_Collected material_:
───

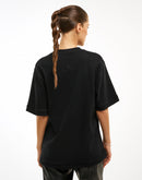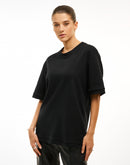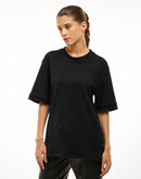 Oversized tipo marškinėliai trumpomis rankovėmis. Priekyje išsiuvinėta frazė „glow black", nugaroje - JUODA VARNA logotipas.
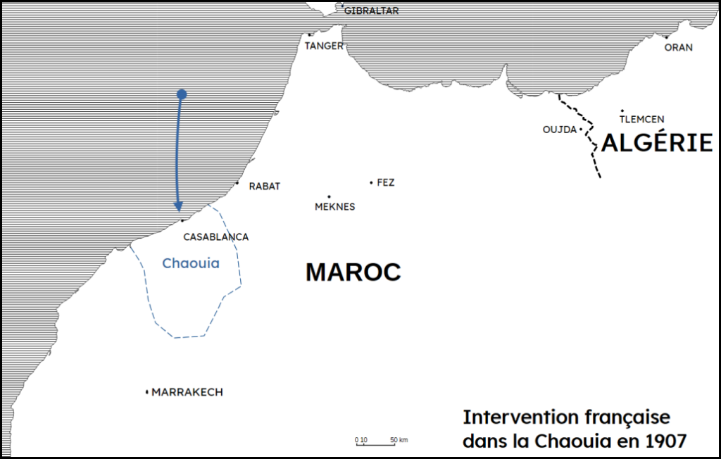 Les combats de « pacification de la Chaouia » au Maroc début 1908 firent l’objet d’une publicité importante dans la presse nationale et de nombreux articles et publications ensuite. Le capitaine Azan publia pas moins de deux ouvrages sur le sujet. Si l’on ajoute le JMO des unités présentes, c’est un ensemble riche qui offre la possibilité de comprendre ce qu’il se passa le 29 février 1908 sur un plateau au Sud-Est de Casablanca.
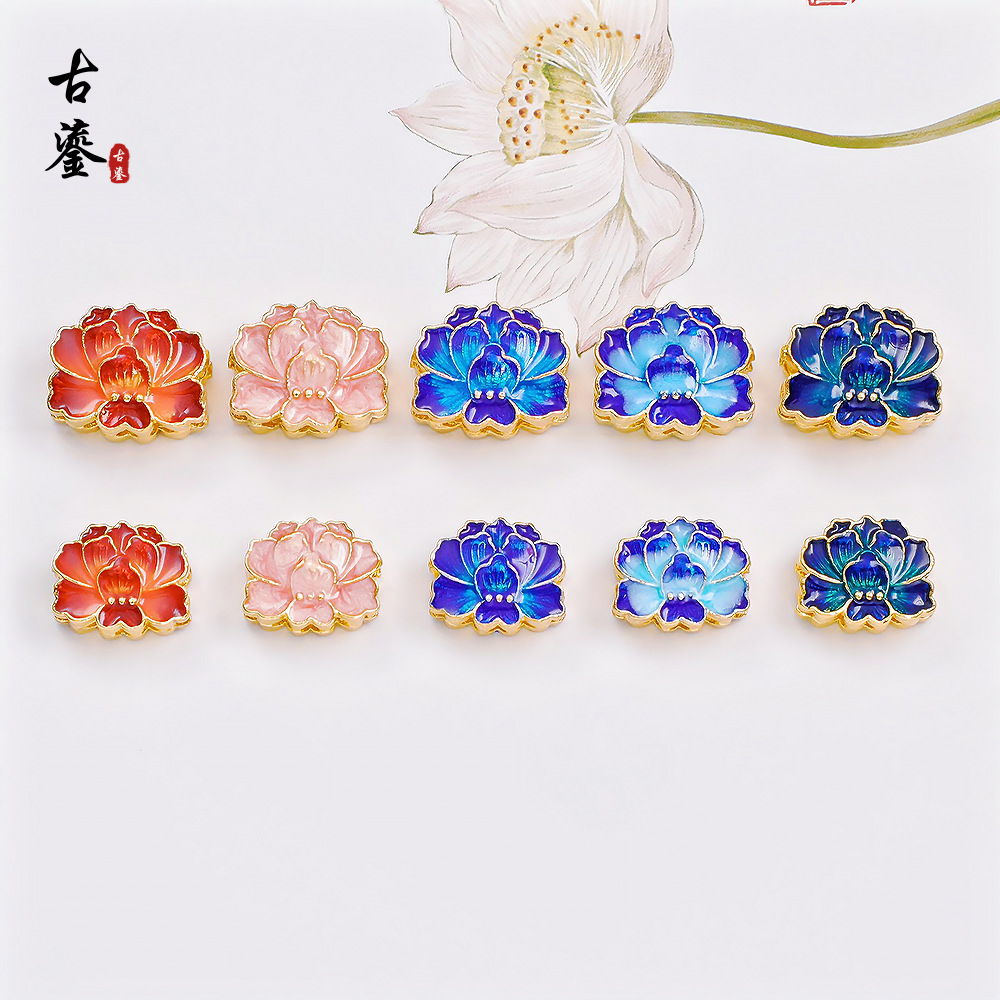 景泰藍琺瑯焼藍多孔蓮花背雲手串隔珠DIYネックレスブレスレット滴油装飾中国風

───

_Directions_: Repeat the data above exactly, but not the pictures.

_Output of the exercise_:
 Oversized tipo marškinėliai trumpomis rankovėmis. Priekyje išsiuvinėta frazė „glow black", nugaroje - JUODA VARNA logotipas.
 Les combats de « pacification de la Chaouia » au Maroc début 1908 firent l’objet d’une publicité importante dans la presse nationale et de nombreux articles et publications ensuite. Le capitaine Azan publia pas moins de deux ouvrages sur le sujet. Si l’on ajoute le JMO des unités présentes, c’est un ensemble riche qui offre la possibilité de comprendre ce qu’il se passa le 29 février 1908 sur un plateau au Sud-Est de Casablanca.
 景泰藍琺瑯焼藍多孔蓮花背雲手串隔珠DIYネックレスブレスレット滴油装飾中国風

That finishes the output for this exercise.